Figure 1: “Example json returned by webservice - Twitter mentions”

 

Mendeley and Twitter mentions
Image 2: “Mendeley and Twitter mentions”

During the creation of the landing page of an EconStor item (see Image 1), a JAVA servlet queries the web service and, if some social media mentions is detected, renders the result into the web page. For each of the three social media platforms the sum of the mentions is displayed and for Twitter and Wikipedia even backlinks to the mentioning tweets/articles are provided as a drop-down list, below the number of mentions (see Image 2). In case of Wikipedia this is also grouped by the languages of the articles in Wikipedia in which the ISBN of the corresponding work has been found.

Conclusion

While being an interesting addition to the existing download statistics and citations by RePEc/CitEc, that are already integrated into EconStor, currently the gathered “social media mentions” offer only a limited additional value to the EconStor landing pages. One reason might be, that only a fraction of all the documents of EconStor are covered.

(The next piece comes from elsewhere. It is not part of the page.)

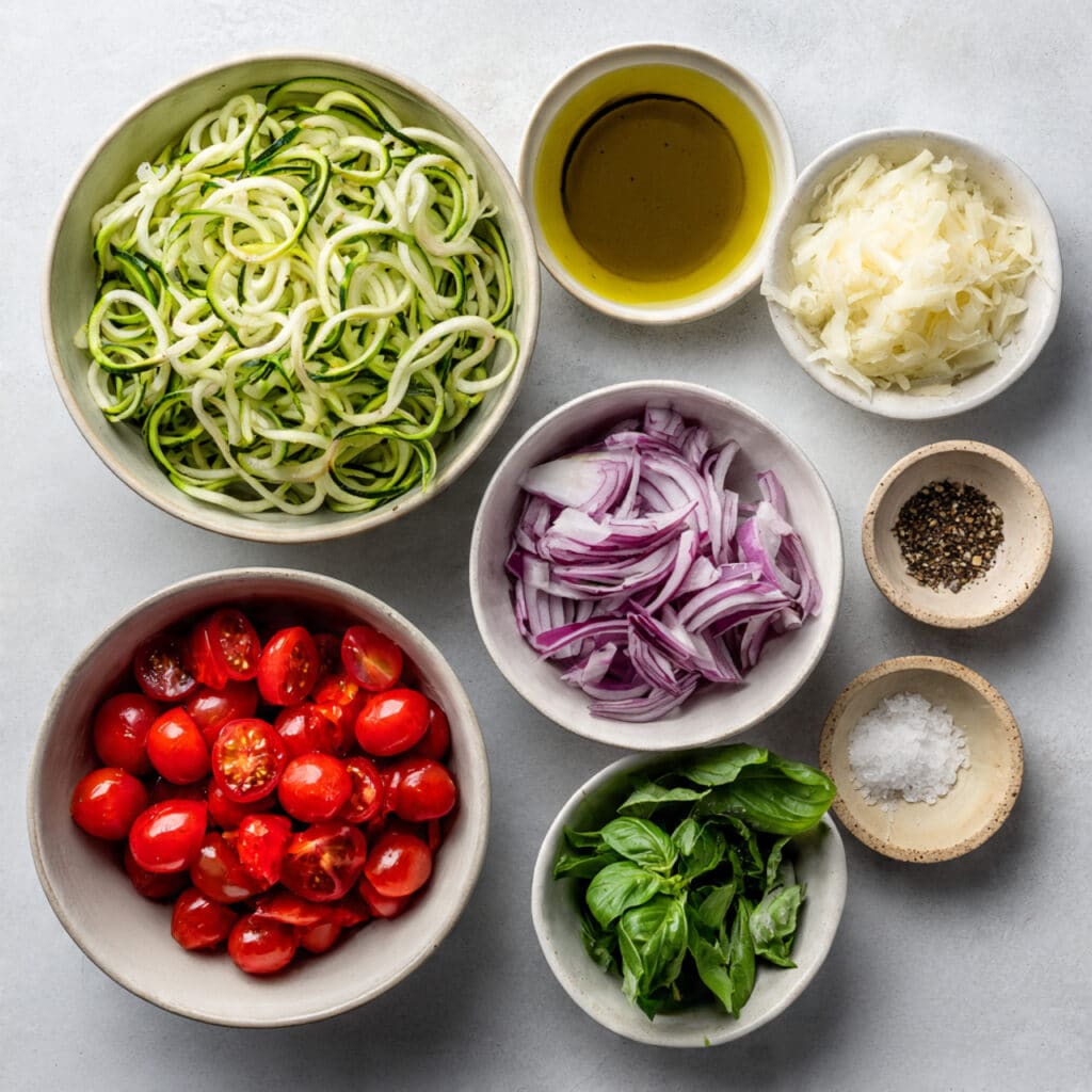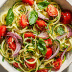 A light, fresh, and flavor-packed zucchini pasta salad featuring spiralized zucchini, cherry tomatoes, red onion, and basil in a lemony olive oil dressing. Perfect for summer lunches or healthy sides.

Another reason might be according to [Lemke 2019], that there is currently a great reluctance to use social media services among economists and social scientists, as it is perceived as: “unsuitable for academic discourse; … to cost much time; … separating personal from professional matters is bothersome; … increases the efforts necessary to handle information overload.”

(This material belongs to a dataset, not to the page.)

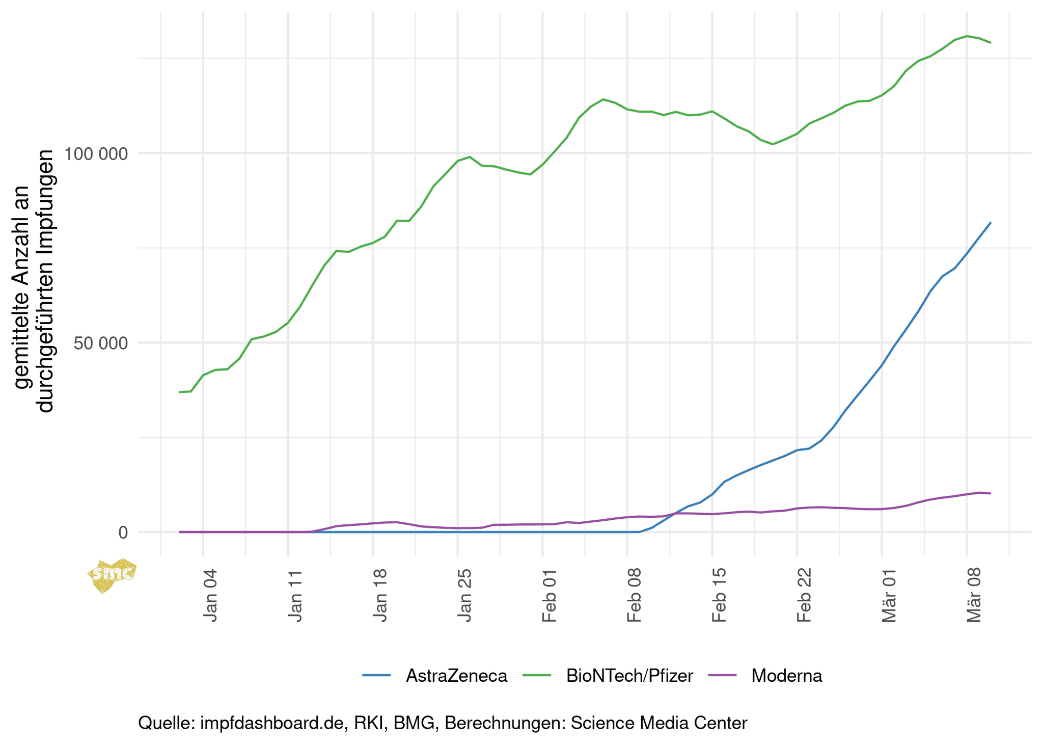 Betrachtet man die geglättete Zahl der täglich durchgeführten Impfungen nach Hersteller, sieht man, dass insbesondere die Zahl der mit dem AstraZeneca-Impfstoff geimpften Personen stark zunimmt. Bei den Impfungen mit dem Impfstoff von BioNTech/Pfizer wird aktuell fast so viel verimpft wie geliefert wird, eine größere Steigerung ist hier ohne zusätzliche Lieferungen nicht zu erwarten.

Theoretically, the prospect of a tool for the measurement of the scientific uptake, with a quicker response time than classical bibliometrics, could be very rewarding, especially for a repository like EconStor with its many preprints (e.g. working papers) provided in open access.

As [Thelwall 2013] has stated: “In response, some publishers have turned to altmetrics, which are counts of citations or mentions in specific social web services because they can appear more rapidly than citations. For example, it would be reasonable to expect a typical article to be most tweeted on its publication day and most blogged within a month of publication.” and “Social media mentions, being available immediately after publication—and even before publication in the case of preprints…”.

But especially these preprints, that come without a DOI, are still a challenge to be correctly identified, and therefore to be counted as social media mentions. This is something the *metrics crawler has not changed, since it is using title and author metadata to search in Mendeley, which does not give a 100% sure identification and ISBNs to search in Wikipedia.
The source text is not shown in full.